Author: Azizur Rahman  7 August 2017
4 min read

Newcastle United has gone on the attack against HM Revenue and Customs over search and seizure.

HM Revenue and Customs (HMRC) staff raided Newcastle’s St James’ Park and West Ham United’s London Stadium in April as part of a fraud inquiry relating to income tax, national insurance and transfer deal payments.

Newcastle United successfully applied for a judicial review of the search-and-seize order obtained by HMRC. At the resulting two-day hearing at London’s High Court, the club argued that the scope of the search warrants was excessively wide and that legal procedures were not followed properly when the warrants were obtained.

At the time of writing this, we do not yet know the decision of the High Court. Until it is made, HMRC officers cannot examine the material seized in the raid. That alone shows the value of a legal challenge to a raid.


It is not always possible to challenge the validity of the search warrant. But a proper challenge, in the right case, can take the fight to the prosecution and make sure it does not have it all its own way. That is what Newcastle United has achieved so far.

Most warrants are issued under the Police and Criminal Evidence Act 1984 (PACE) or the Proceeds of Crime Act 2002. When the authorities apply to the court for a warrant, they must state the object of the search and provide sufficient information to show that it is necessary.

There must be reasonable grounds for believing that an offence has been committed and that there is material on the premises likely to be of substantial value to the investigation.


There are other procedural rules that must be followed regarding the warrant application and the conduct of the search. If these rules are not followed, the warrant may be quashed or the seized property returned. This could prevent the prosecution using what they seized in any subsequent prosecution.

In R (Cook) v Serious Organised Crime Agency (SOCA), SOCA obtained a warrant, carried out the search and seized items but failed to leave schedules to the warrant at the searched premises. This rule breach rendered the seizures unlawful. SOCA had to pay damages and some legal costs – and then start what was an ultimately unsuccessful attempt to re-seize the items.

In a money laundering case, SOCA was again ordered to return seized items but was then able to obtain a Production Order under the Proceeds of Crime Act 2002 to re-seize them. This was possible because of the particular offence being investigated.

The two cases demonstrate the powers the authorities have regarding search and seizure.
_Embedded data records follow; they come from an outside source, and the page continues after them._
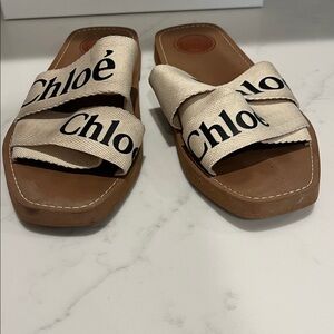 CHLOE: Woody Flat Slides in Black & White
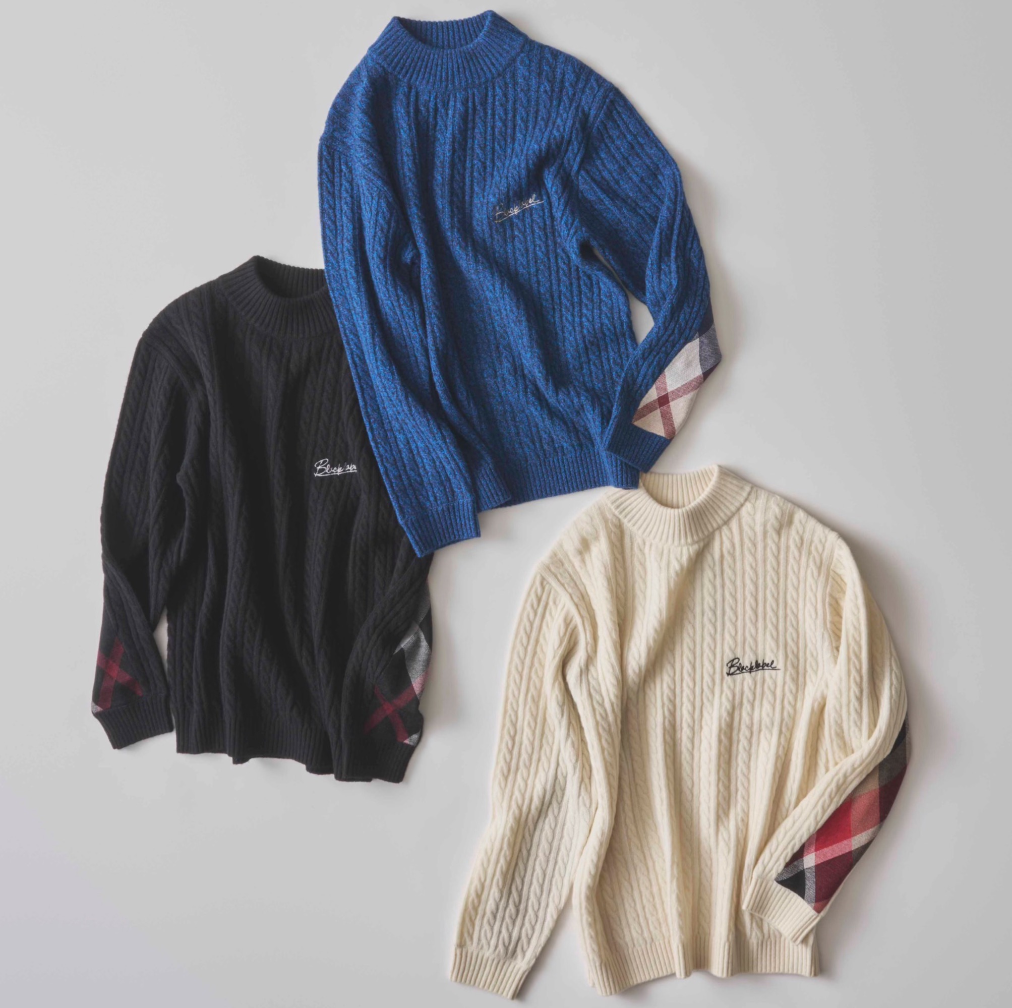 冬の定番ケーブルニット。サイドにさり気なく入ったチェック柄がアクセントです。
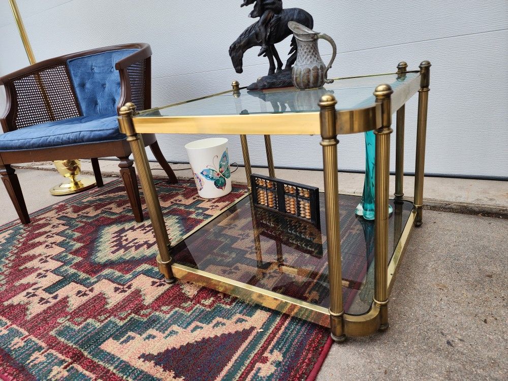 Dimensions in pictures. Brass and glass side table Really nice piece

But they also show that they do sometimes get it wrong – and this offers opportunities to a defence.


Tchenguiz v Serious Fraud Office & Others [2012] is arguably the most high-profile case in recent years where the authorities were challenged and beaten regarding search and seizure.

Robert and Vincent Tchenguiz’s premises were searched and arrests were made but the defence then showed that the SFO had failed to check the credibility of information it presented to the court when applying for the search warrants. The case ended with the SFO apologising to the brothers, paying them £4.5 million and being heavily criticised by the court for a lack of understanding and at least one serious factual omission in its application for a warrant.

The brothers had loaned money from the Icelandic bank, Kaupthing. When Kaupthing collapsed, a committee created to recover money owed to the bank appointed accountants and insolvency practitioners Grant Thornton to investigate. Grant Thornton’s report alleged that the bank’s lending to the Tchenguiz brothers was highly irregular and excessive.

The SFO relied on this report completely when applying to the Old Bailey for search warrants. But there were a number of innocent, plausible explanations for what had happened – possibilities that the SFO had simply not considered.

It can often be the case that authorities are sent material, created by others, to demonstrate the ‘guilt’ of those being investigated. Any judge asked to issue a search warrant, however, must be satisfied that there are proper grounds for suspicion.

As a result, the application will never be a rubber-stamping exercise. This means that a defence has plenty of opportunity at this stage to challenge any claims made against their client which they believe to be inaccurate, misleading or not presenting all the relevant facts.

Section 59 of the Criminal Justice and Police Act 2001

If the High Court quashes a search warrant, it usually means the return of the seized material. But Section 59 of the Criminal Justice and Police Act 2001 allows the authorities to apply to the High Court for permission to retain the material for a short time while it re-applies to the Crown Court for, in effect, a new Order justifying the old seizure. In these situations, the Crown Court has a discretion to authorise the retention of the material seized, despite the unlawfulness of the original search.

The court is allowed to do this in circumstances were, if the seized material was returned, it would be immediately appropriate to issue a warrant, under which it would be lawful to seize the property. This basically means the authorities get a second chance to get the application right. In Chatwani v National Crime Agency [2015], it was held that the High Court would only be likely to refuse this if there had been bad faith on the part of the police in securing the warrant.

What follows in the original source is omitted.